If i is smaller than 50 then j can not be greater than 50. If i is greater than 50 then the test will fail and there is no need to test what the value of j is.

Bugs

 for ( int i = 0 ; i < rownum ; i++) {
 a.push_back(vector1D(rownum,0));//initialize memory
 }

As you never clear a the size increases for every puzzle.
This can become quite expensive as a will continuously keep breaking its buffer and have to be re-allocated (copying all those internal arrays).

Speed

If you are solely going for speed then operator>> is about half the speed of scanf as it (operator>>) takes into account a lot of local stuff that is not done with scanf.

Your recursive algorithm is computing some spots multiple times.

// Your Triangle
1
2 3
4 5 6
7 8 9 10
11 12 13 14 15
// Number of times each spot is hit with recursion
1
1 1
1 2 1
1 3 3 1
1 4 6 4 1

As you can see some of the spots in the center bottom of the triangle are being hit many many times by recursion when you only want to hit each location once. Thus an iterative solution is probably better.

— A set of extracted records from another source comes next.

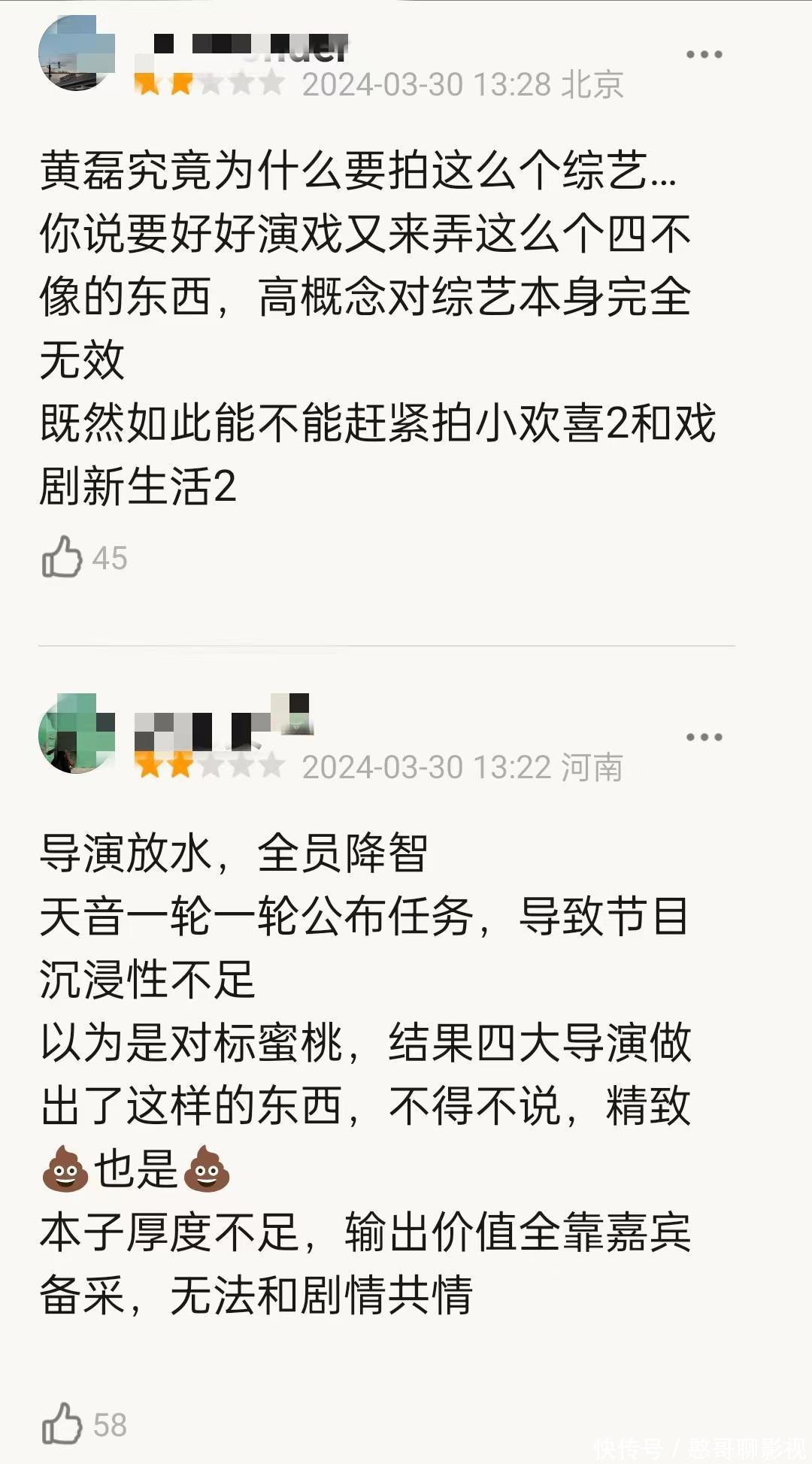 从沉浸式观看的角度衡量,嘉宾并不太适合玩这样的游戏,这是节目最大的硬伤,如果单纯追求综艺效果,也不如《奔跑吧》《五哈》那样纯粹,感觉黄磊想要的东西太多,结果就弄成了一个“四不像”的节目,让人大失所望。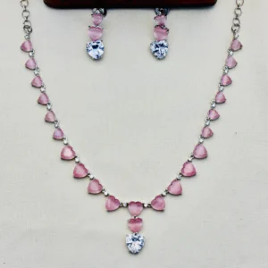 American Diamond Heart Stone Necklace Set – Pastel Pink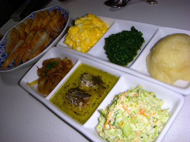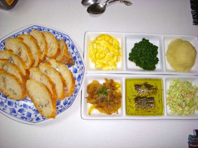 玉子マヨネーズ、コンソメほうれん草、マッシュポテト、オニオン炒め、オイルサーディン、コールスロー。

You are using a 2D array to represent the triangle which requires two de-references (which can be inefficient (but without measuring I am not convinced this is a major issue)). Rather than do that use a 1-D array given the number of rows n you can quickly compute the number of elements in the triangle as n*(n+1)/2 and thus re-size the array in one statement. Element access for a child of m is m+row(m)+0 and m+row(m)+1 (note the calculation of row(m) does not need to be done each time you can keep track of this as you increment m).

Question 4

Why only use memoization for "small" values of i and j?

Without memoization, your program runs in exponential time. The problem, which memoization intends to solve, is that you tend to compute the same value many times along the way.

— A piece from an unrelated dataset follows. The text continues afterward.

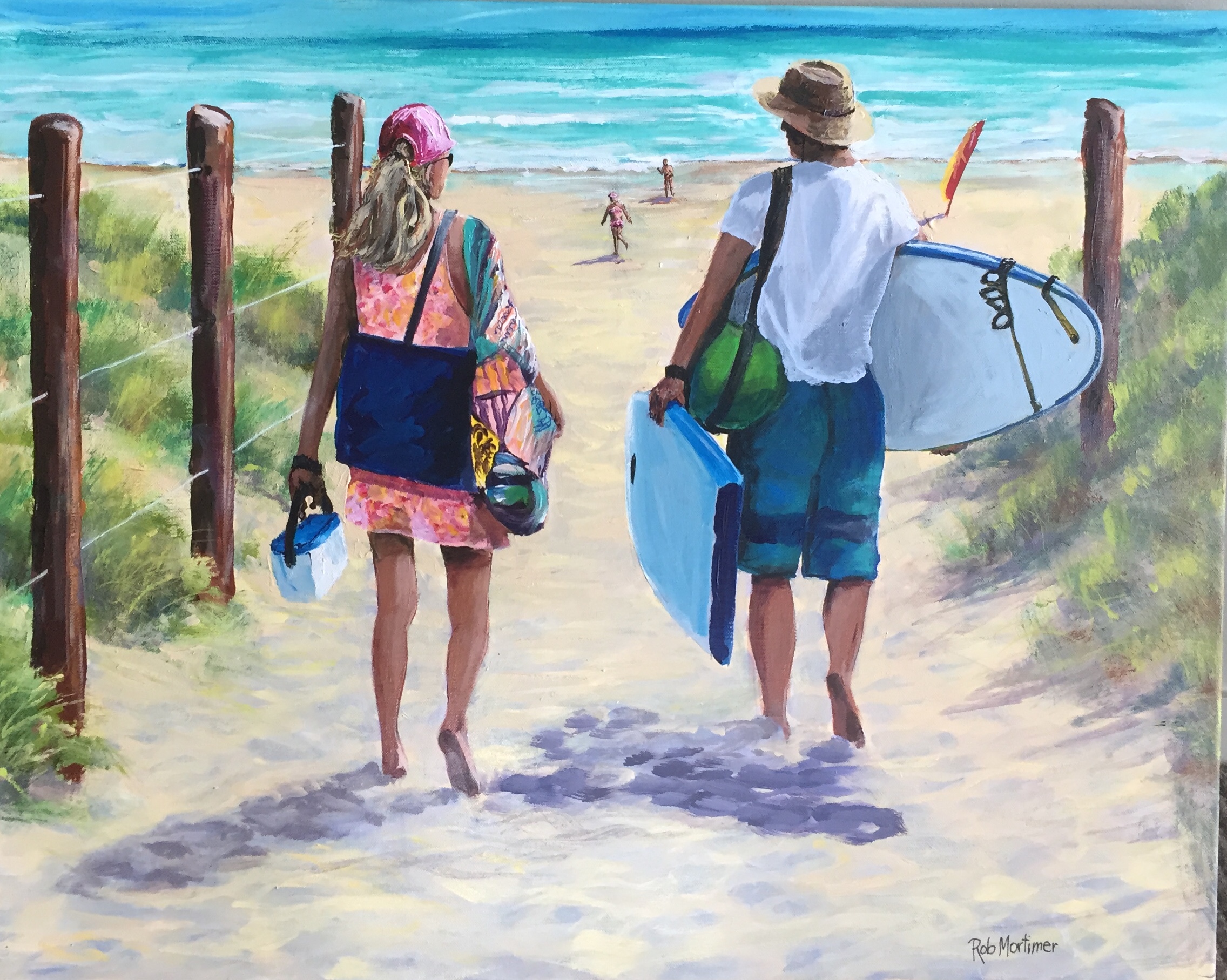Hurry up mum and dad by Robert Mortimer – Parents with their children running with excitement to the beach. Acrylic on stretched canvas with return edges painted. With wire and hooks, felt pads.

So you memoize some of the values, to save time. On those areas of the table you aren't memoizing, you still suffer the exponential slowdown. And you're only memoizing 1/4 of your domain.

Question 5

If your priority is performance with this, in addition to having a memoizing cache for up to the size of about the L1 cache - maybe 4K or so, I'd also get rid of the use of the vector of vector.

You're spending a disproportionate amount of time in your vectors' [] operator() functions which will cause an over-abundance of stack pushes and context switches - you're using that operator in at least four places in each pass through solve() - six when not cached already. You can see this if you profile your code. I'd keep it to a vector with dynamically allocated columns and use only pointer arithmetic so that all accesses are happening from the same stack frame in solve(). I'd pre-calculate base pointers in advance and use those as much as possible in the pointer calculations using the bitwise << sizeof(int) to traverse.

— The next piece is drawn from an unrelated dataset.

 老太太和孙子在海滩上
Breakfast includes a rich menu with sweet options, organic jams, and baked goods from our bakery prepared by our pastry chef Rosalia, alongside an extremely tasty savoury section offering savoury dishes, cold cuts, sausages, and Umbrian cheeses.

I would also stay local and convert your max(t1,t2) call to use a bit-twiddle trick so that total is now:

total = t1 ^ ((t1 ^ t2) & -(t1 < t2)) + *paij;

where *paij is the dereferenced arithmetically calc'ed pointer instead of a[i][j]. That should keep the pipeline full more often.

To get to the next level from there, I would probably move from recursion to an iterative approach if you're not married to recursion.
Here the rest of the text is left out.